CarcassonneSay the words “game” and “gaming” and most people these days will think about controllers and consoles and periodic downloadable content updates. But it wasn’t all that long ago that the default definition for those words was the good old fashioned boardgame.

Coming from a pretty tight-knit family with a passion for mentally stimulating pastimes, I grew up playing a lot of board and tabletop games, but the inevitable “growing up” and the advent of shiny technological distractions drew me away from them (the games, not my family). Then for this past birthday, my wife gave me Carcassonne, one of the recent wave of “Euro-” or “German-style” boardgames that have been hugely successful with hardcore gamers, casual gamers and families alike.

I haven’t picked up my PS3 controller since.

Here’s my review…

In contrast to more traditional boardgames (like Monopoly or Sorry! or The Game of Life) that center around the rolling of dice and the movements of counters, German-style boardgames—so called because this type of game was born in the 1960s and ’70s in Germany, which seems to be the boardgaming capital of the world—focus more on strategy and social interaction than on luck and conflict.

Named for a medieval city in southern France famed for its fortified walls, Carcassonne is one of those games that is simple to learn—my wife’s grandparents, two octogenarians who had never played a Eurogame before, picked it up in less than an hour— but nuanced enough to offer a consistently interesting experience to players of all ages through frequent replays.

Carcassonne

Laying down some road

The gameplay is relatively straightforward. The players take turns randomly drawing tiles that depict bits of landscape and laying them down to cooperatively create a different game board map every time the game is played. The only requirement is that the terrain features of the tile being played match the edges of tiles adjacent to it. My inner jigsaw puzzle enthusiast approves. They must also use a limited supply of person-shaped wooden markers (called “followers” or, colloquially, “meeples”) to claim features of the emerging landscape for points; for instance, a completed road will award one point per tile it traverses for the player claiming it, while completed cities score two points per tile for their claimants.

Carcassonne

Followers doing what followers do

The challenge lies in resource management. You can pin your hopes on making a city you’ve claimed gargantuan, blowing everybody else out of the water in one fell swoop, but I’ve played more than one game in which the tiles I needed to finish that giant metropolis and reap a windfall of points just never turned up. Likewise, deciding whether to complete a city as soon as possible (potentially giving up a cornucopia of points) to reclaim a meeple or expend him on farmland—where he must remain until game’s end—can be agonizing, especially for one’s fellow players since the rules do not include a time limit on dithering or hemming and hawing.
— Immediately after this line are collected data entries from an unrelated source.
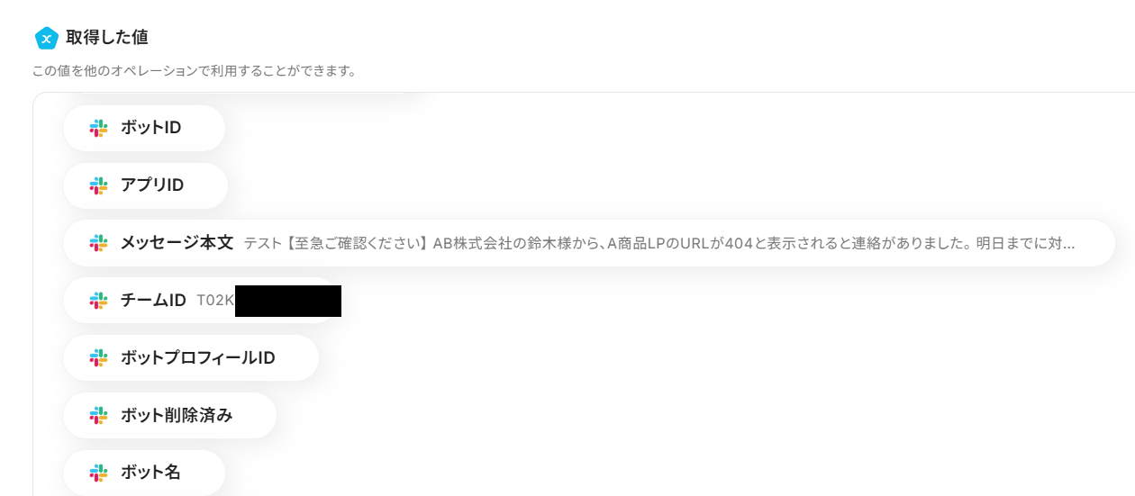 取得した値を使用することで、テキストが固定化されず、フローボットが起動する度に新しい値が反映されます。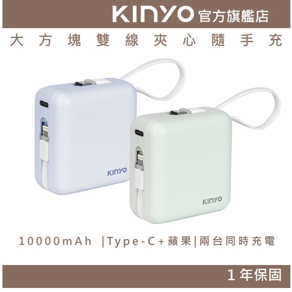 〖KINYO〗 10000mAh 大方塊雙線夾心隨手充 (KPB) 行動電源 行充 Type-C 蘋果 BSMI 免帶線KPB2303BU 藍色|KPB2303G 綠色|藍色 (限時特賣下單專用)|綠色 (限時特賣下單專用)Powerbanks & BatteriesKINYO官方旗艦店_家電館
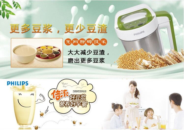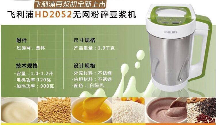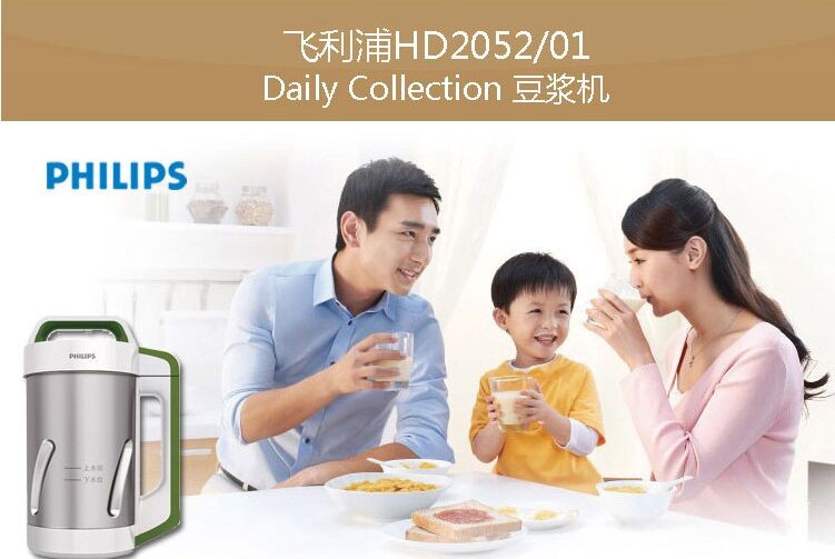 飞利浦(PHILIPS)HD2052/03 豆浆机100%全部使用食品级润滑油 无网粉碎技术 大大减少豆渣 磨出更多豆浆

The basic game is designed for two to five players and takes about 45 to 60 minutes to play out. In the twelve years since its initial release, there have been numerous expansions which add more types of tiles and followers, thus expanding the variety of ways to score points and also—because the game ends when all the available tiles have been played—extending the length of the game. The first of the expansions, 2002’s Inns and Cathedrals, added meeples for a sixth player as well.

Carcassonne

Meeples!

It isn’t only the ease of learning that makes Carcassonne (and other games of its ilk) great for families and casual gamers; there are also the facts that the play is at least partially cooperative, allowing any group to make a game as friendly or cutthroat as they find enjoyable, and that no player is ever eliminated before the end of the game. The various gameplay elements added by the expansions mean that there’s always a way to spice the game up if you want to, and also that it’s customizable to whatever extent maximizes your enjoyment of it.

Carcassonne is the work of one Klaus-Jürgen Wrede—one of the really nice things about German-style boardgames is that the games’ designers are credited and rewarded for their creative efforts—and won several Game of the Year awards the year it was released. It has deservedly been a smash hit here in the States, and has become a popular “gateway game”, a game that introduces folks to the German-style boardgame and thus leads them to others like The Settlers of Catan, Puerto Rico, and Ticket to Ride.

CarcassonneI’ll probably get to those others before too long, but for now they’ll have to wait. I’m having too much fun with Carcassonne. If you’re looking for an interesting way to spend time with friends or loved ones, and need to get away from the modern world’s numerous digital emanations and electronic distractions, I cannot recommend Carcassonne highly enough.